Crashes were solved. But!
Video update latency - gone!
Flickering - gone!
Wake from sleep issues - gone!
Sound problems - gone.
OMG!
dorkofeverything@reddit
Jensen Huang told his employees not to have 1 on 1 conversations with him
To me he's just another sociopath in a jacket
Seriously, play nice with open source. Or face criminal punishments, I say
vanillaknot@reddit
I work for a company that does engineering simulation software -- very impressive, incredibly functional, alarmingly expen$ive software. There are literally hundreds of machines inside our offices running RHEL, Rocky, Ubuntu, and SLES with nvidia GPUs. Quite a few are VMs using data center share-able GPUs in VDI configuration -- my RHEL 9 VDI has its assigned piece of an "NVIDIA Corporation GA102GL [A40]" per lspci. My piece has just 4G memory out of the far larger total because my work doesn't involve solving magnetic meshes of 100M points like some of the other folks do.
nvidia is actually fine. If it weren't, big enterprises like my company, and the big enterprises to whom we sell software (you would recognize all their names), would collapse outright.

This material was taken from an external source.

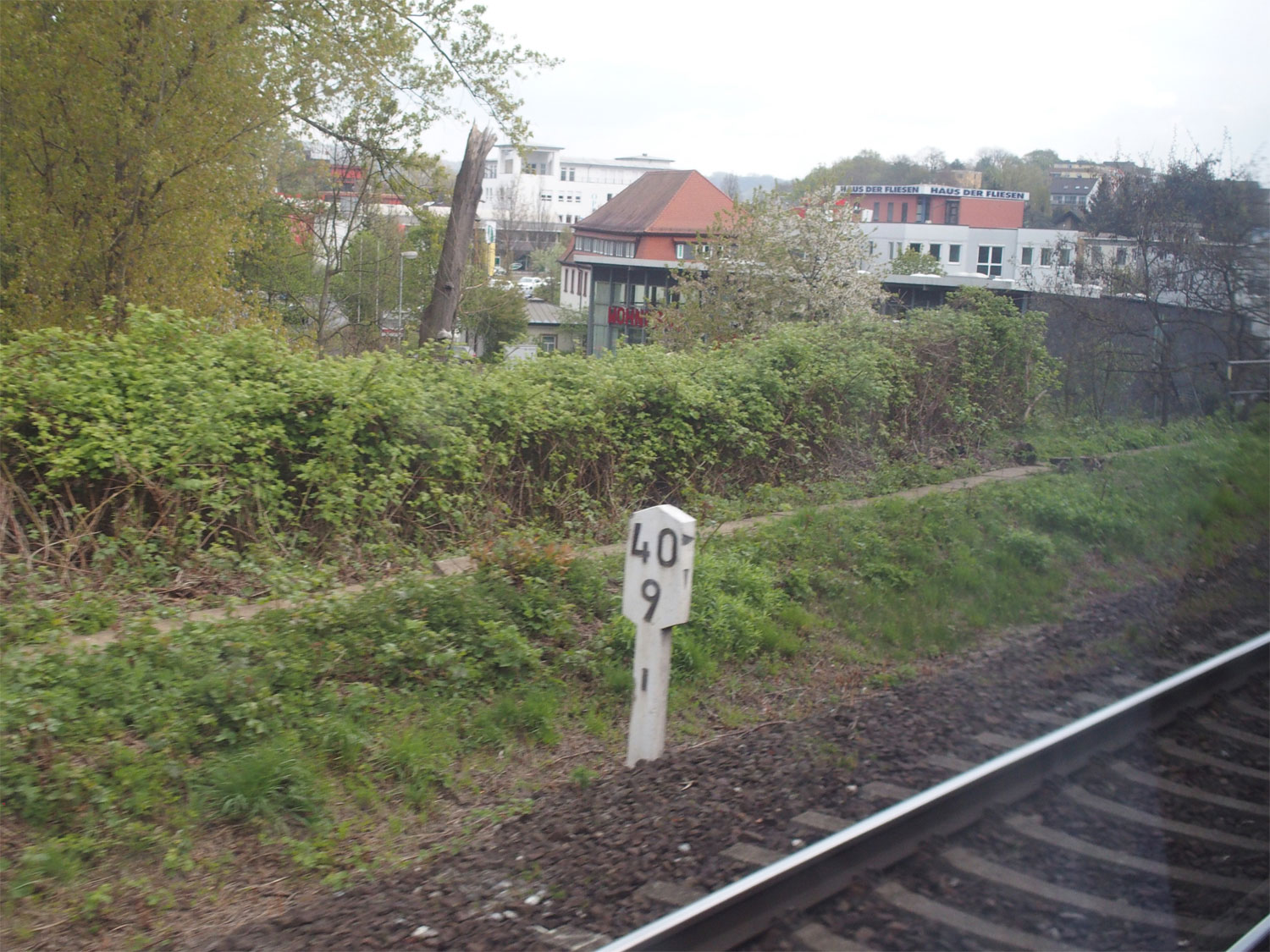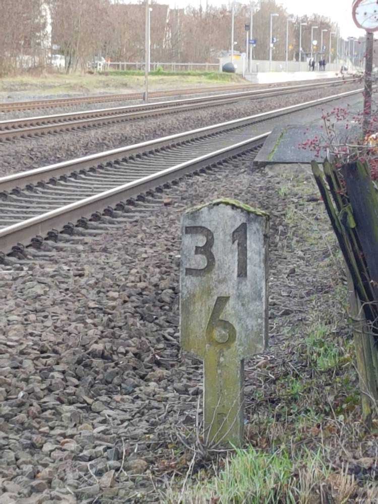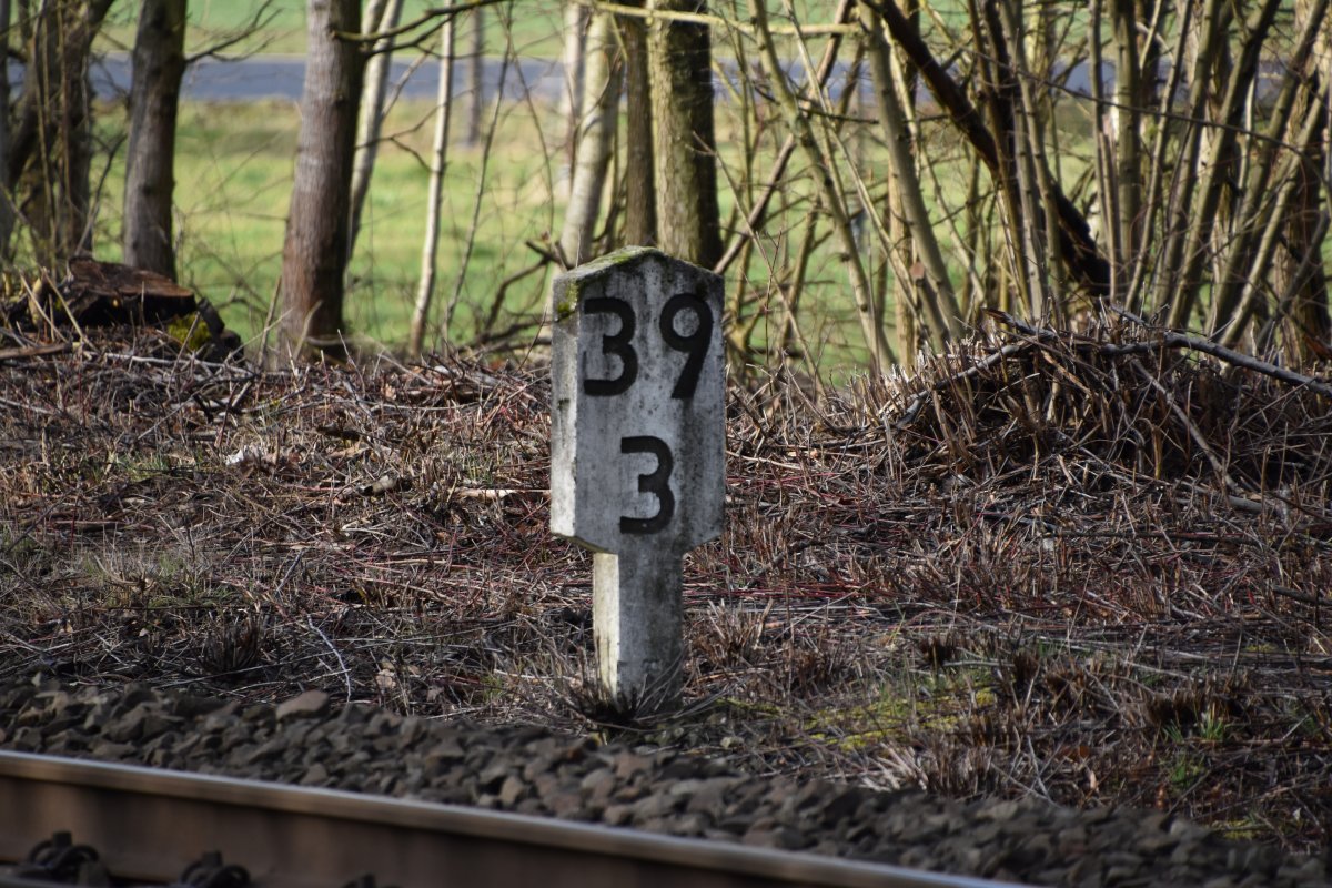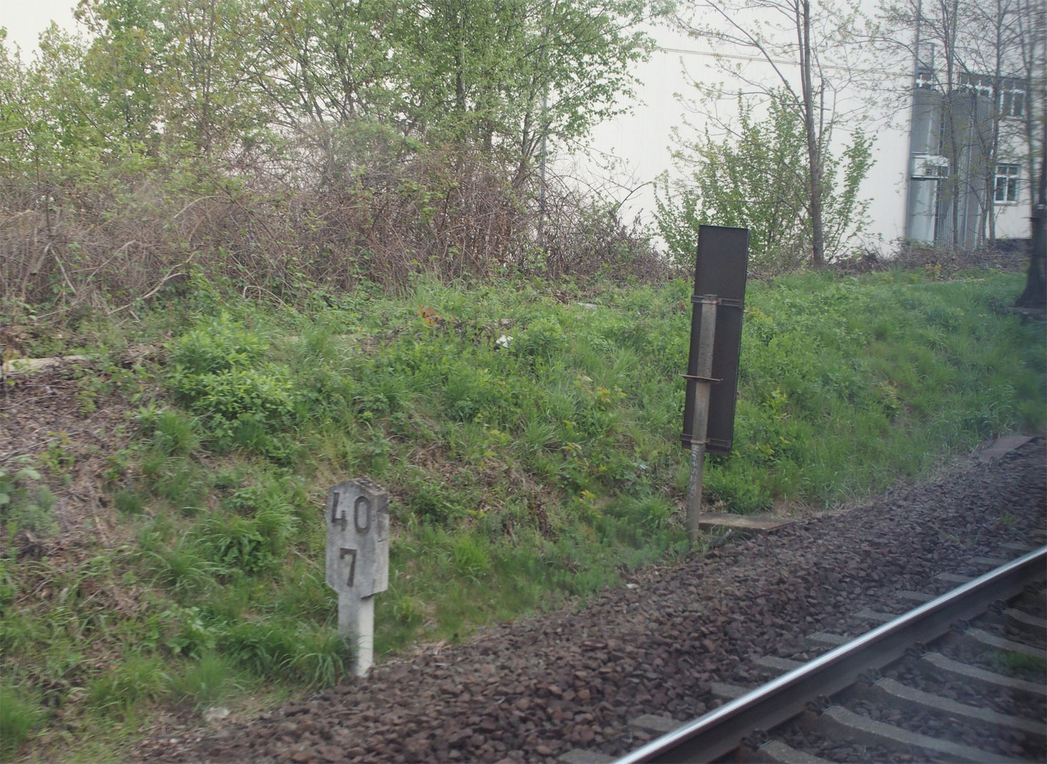 km 76,7 (Tafel rechts) gehört zur Strecke

When you have to maintain hundreds or thousands of machines, and deploy new ones literally every single day, you see where the problems lie. And nvidia is not ever one of them.
martyn_hare@reddit
Enterprise workloads typically use a subset of the driver functionality consumers use, and that functionality is heavily tested by NVIDIA on Linux - the rest totally isn't.
NVIDIA drivers on Linux can't do hardware accelerated encode/decode of real-time WebRTC video calls inside any major web browser in any vendor-certified capacity. This is basic functionality even an Intel iGPU is capable of. Since you wouldn't use VDI to make video calls due to added latency (and since the packages needed to do it aren't part of RHEL either) the complete lack of official VAAPI support to make this possible becomes completely irrelevant.
Sometimes they remove functionality too for market segmentation purposes, like deliberately crippling Linux and FreeBSD multi-monitor support one day just because they felt like it or the time they randomly decided to "accidentally" block PCI-E passthrough with deliberate detection routines (only for GeForce cards, Quadros were fine) until prominent developers (including Red Hat, SUSE and Canonical employees) played a cat and mouse game writing code to allow everyone to bypass their checks at the hypervisor level.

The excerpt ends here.